Your reply should consist only of the lines from the one with "поисков на бумаге." through the end of the entries, transcribed exactly. Pictures stay out.

* Records provided
───

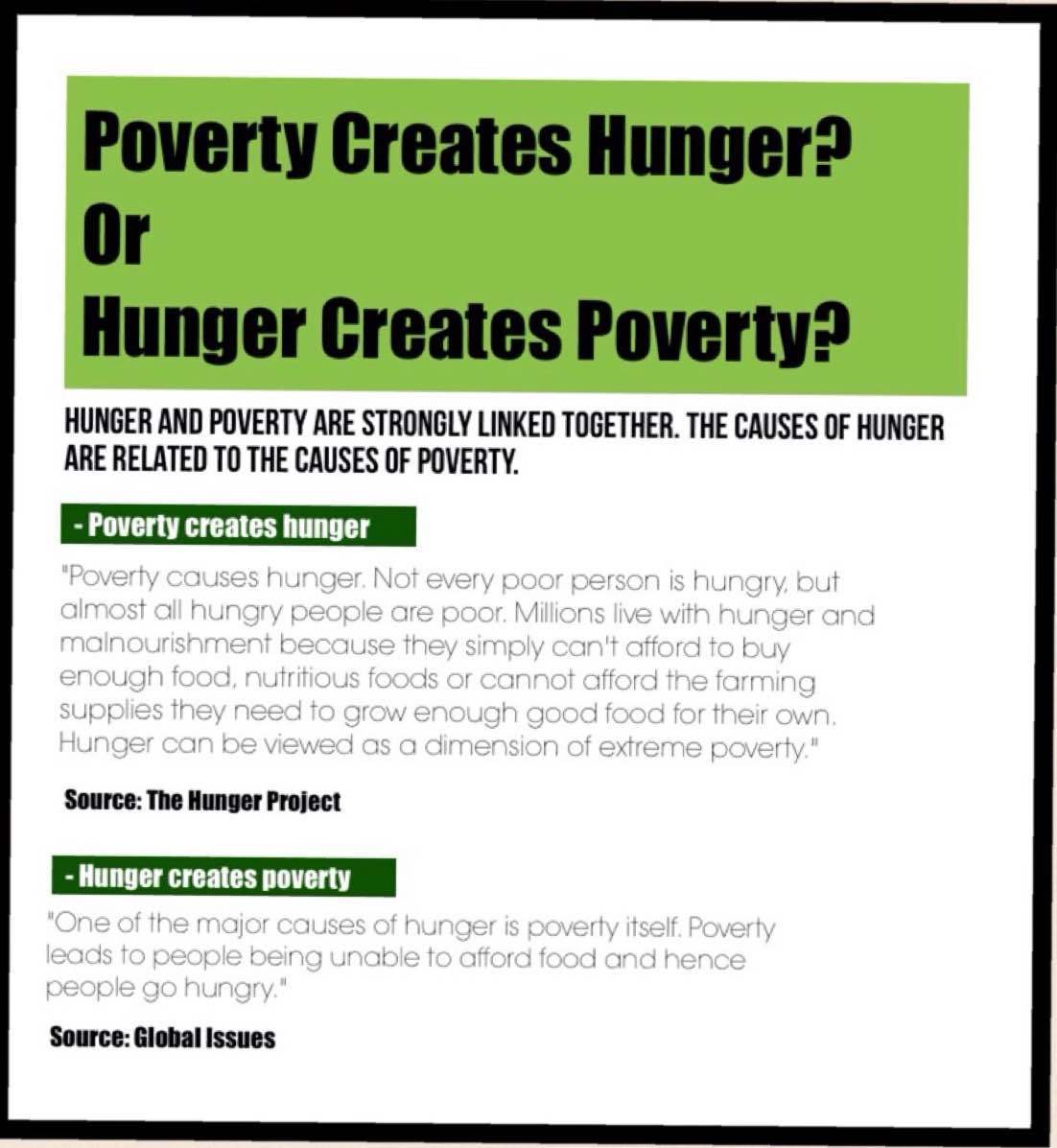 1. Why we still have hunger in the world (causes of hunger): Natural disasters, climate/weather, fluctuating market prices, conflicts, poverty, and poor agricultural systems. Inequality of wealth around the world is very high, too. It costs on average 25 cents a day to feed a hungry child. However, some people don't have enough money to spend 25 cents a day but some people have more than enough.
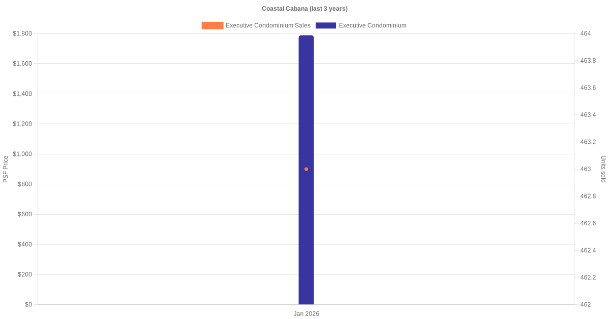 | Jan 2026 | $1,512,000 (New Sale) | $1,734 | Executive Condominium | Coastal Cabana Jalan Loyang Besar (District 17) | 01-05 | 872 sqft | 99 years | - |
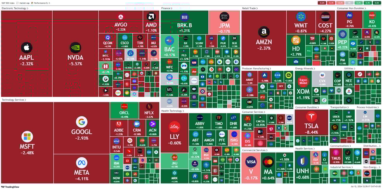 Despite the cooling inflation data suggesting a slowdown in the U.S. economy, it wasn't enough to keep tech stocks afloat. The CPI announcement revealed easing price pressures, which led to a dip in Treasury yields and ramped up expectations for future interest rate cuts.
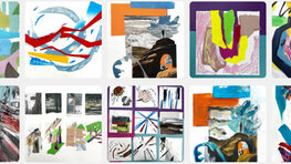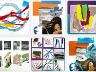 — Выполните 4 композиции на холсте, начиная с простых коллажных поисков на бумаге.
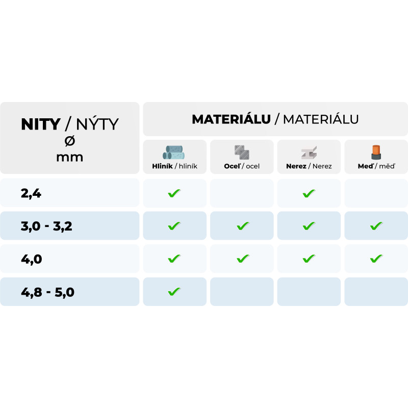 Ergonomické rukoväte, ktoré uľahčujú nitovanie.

───

* Completed exercise
 — Выполните 4 композиции на холсте, начиная с простых коллажных поисков на бумаге.
 Ergonomické rukoväte, ktoré uľahčujú nitovanie.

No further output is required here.